# Supergirl



## Deleted_171835 (May 14, 2015)

it looks corny as hell but also pretty entertaining, i'll probably watch the first couple of episodes.


----------



## Flame (May 14, 2015)

cant wait. will watch.


----------



## KingVamp (May 14, 2015)

I seen people trying to compare it to the cheesiness of Flash. I don't think it is as cheesy as this trailer shows.
Also seen people comparing Supergirl looks to Felicity. I really hope there are crossovers.

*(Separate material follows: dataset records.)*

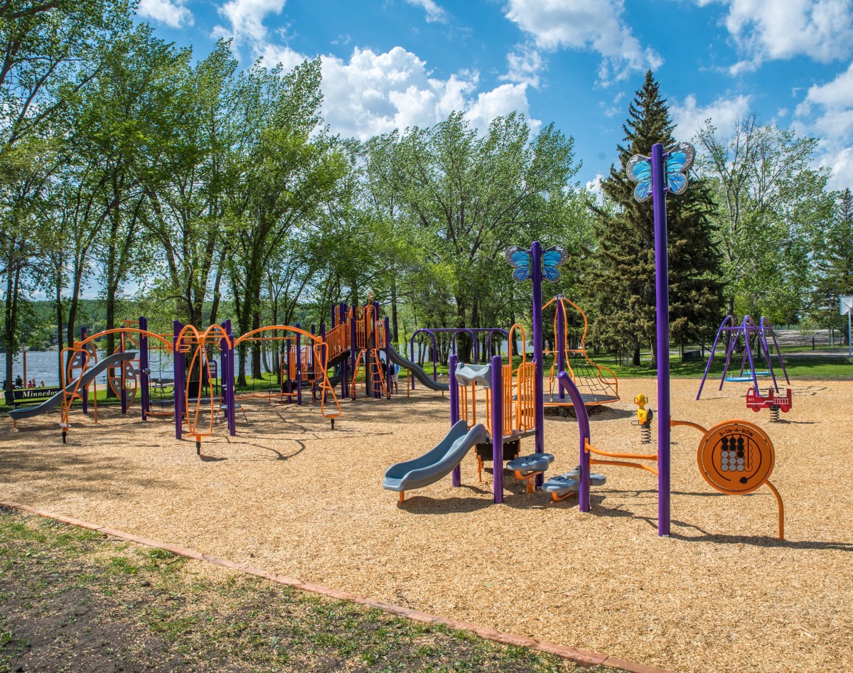 The $200,000 upgrade is the product of fundraising by the Minnedosa Beach Enhancement Committee, who reached their goal this past September after five years of effort. The new playground replaces the estimated three-decades-old previous play structure.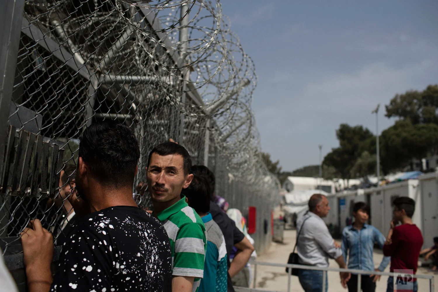 Migrants and refugees wait outside the European Asylum Support Service offices inside the camp of Moria on the northeastern Aegean island of Lesbos, Greece on Friday, May 4, 2018. (AP Photo/Petros Giannakouris)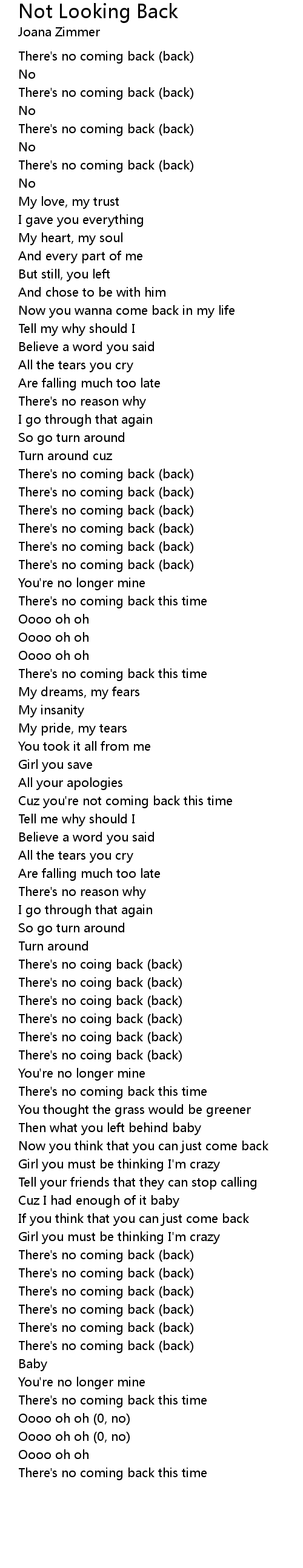 There's no coing back (back) |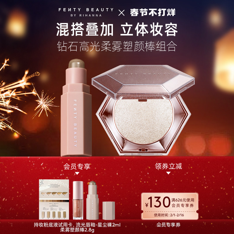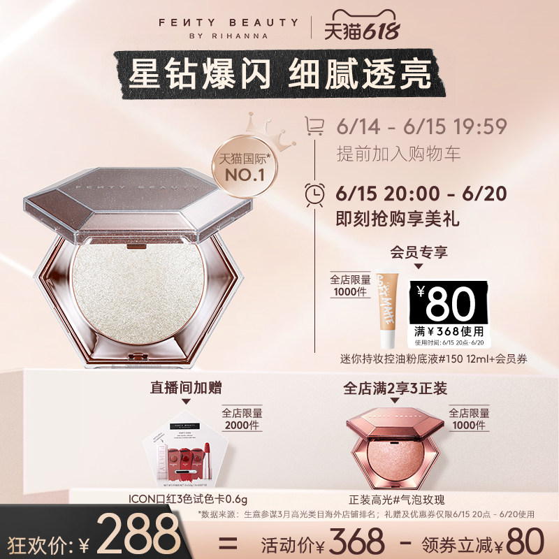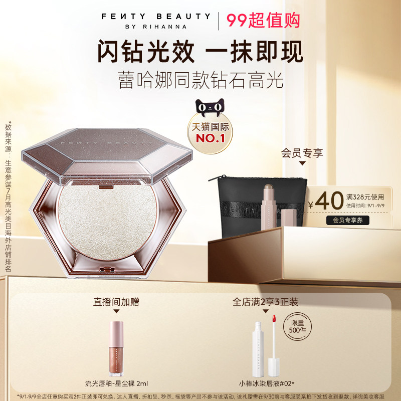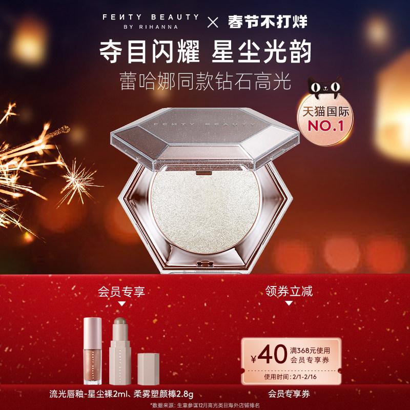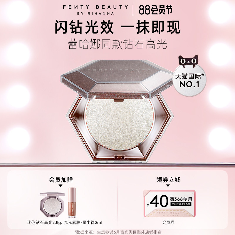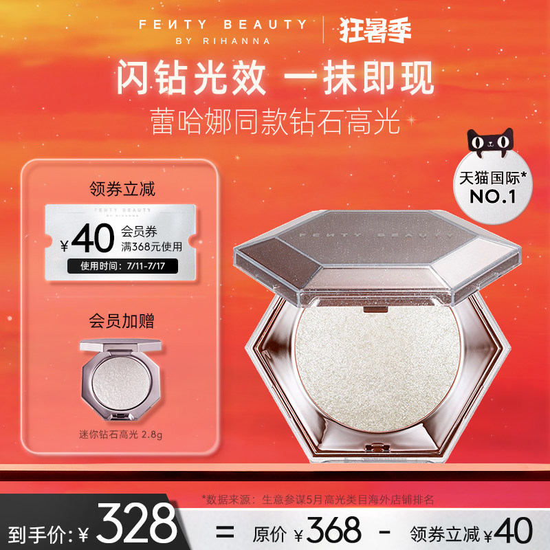 券 40元销量500【狂暑季】FentyBeauty蕾哈娜钻石高光粉饼钻感爆闪眼影提亮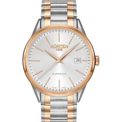 This Roamer watch has a case made of stainless steel with a diameter of 40 mm and is fitted with a metal band. Inside the case lies a Ronda movement and the watch features a Sapphire crystal.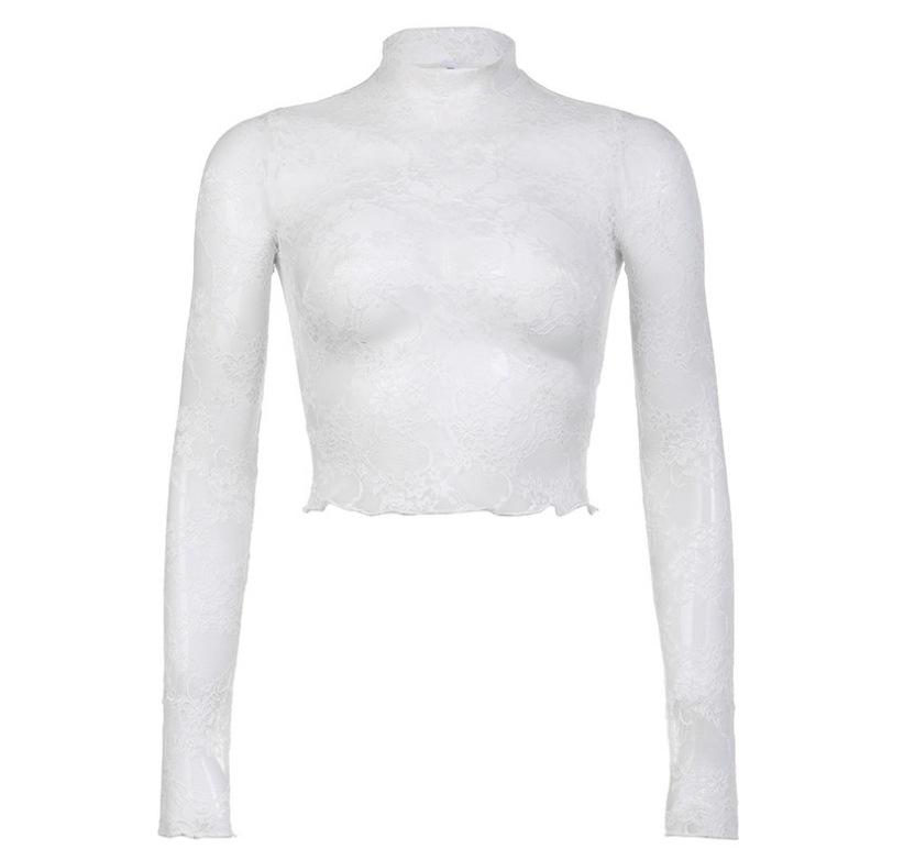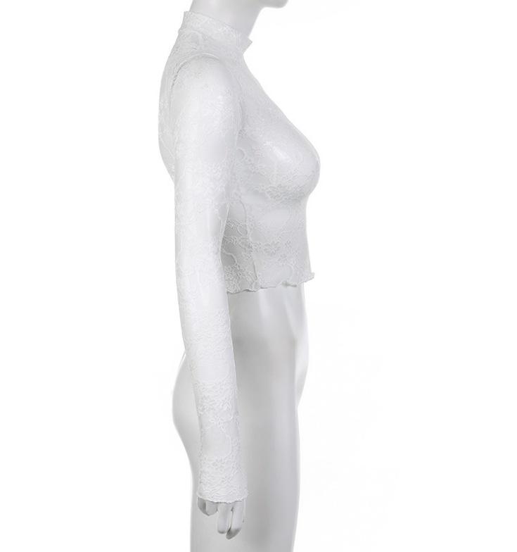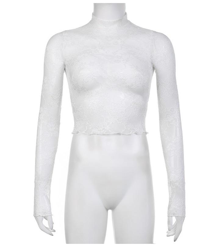 Compra 2023 estilo puro sexy encaje costura perspectiva cuello redondo top chica hot slim-fit ligero protección solar manga larga top para mujer al por mayor en Joom.pro

I know that their thing, but really no mask? I wonder if Powergirl will show up.


----------



## Damian666 (May 14, 2015)

atleast she is hot


----------



## Flame (May 14, 2015)

tell me supergirl do you bleed?


----------



## Damian666 (May 14, 2015)

proberly once a month


----------



## WiiCube_2013 (May 14, 2015)

KingVamp said:


> I seen people trying to compare it to the cheesiness of Flash. I don't think it is as cheesy as this trailer shows.
> Also seen people comparing Supergirl looks to Felicity. I really hope there are crossovers.
> 
> I know that their thing, but really no mask? I wonder if Powergirl will show up.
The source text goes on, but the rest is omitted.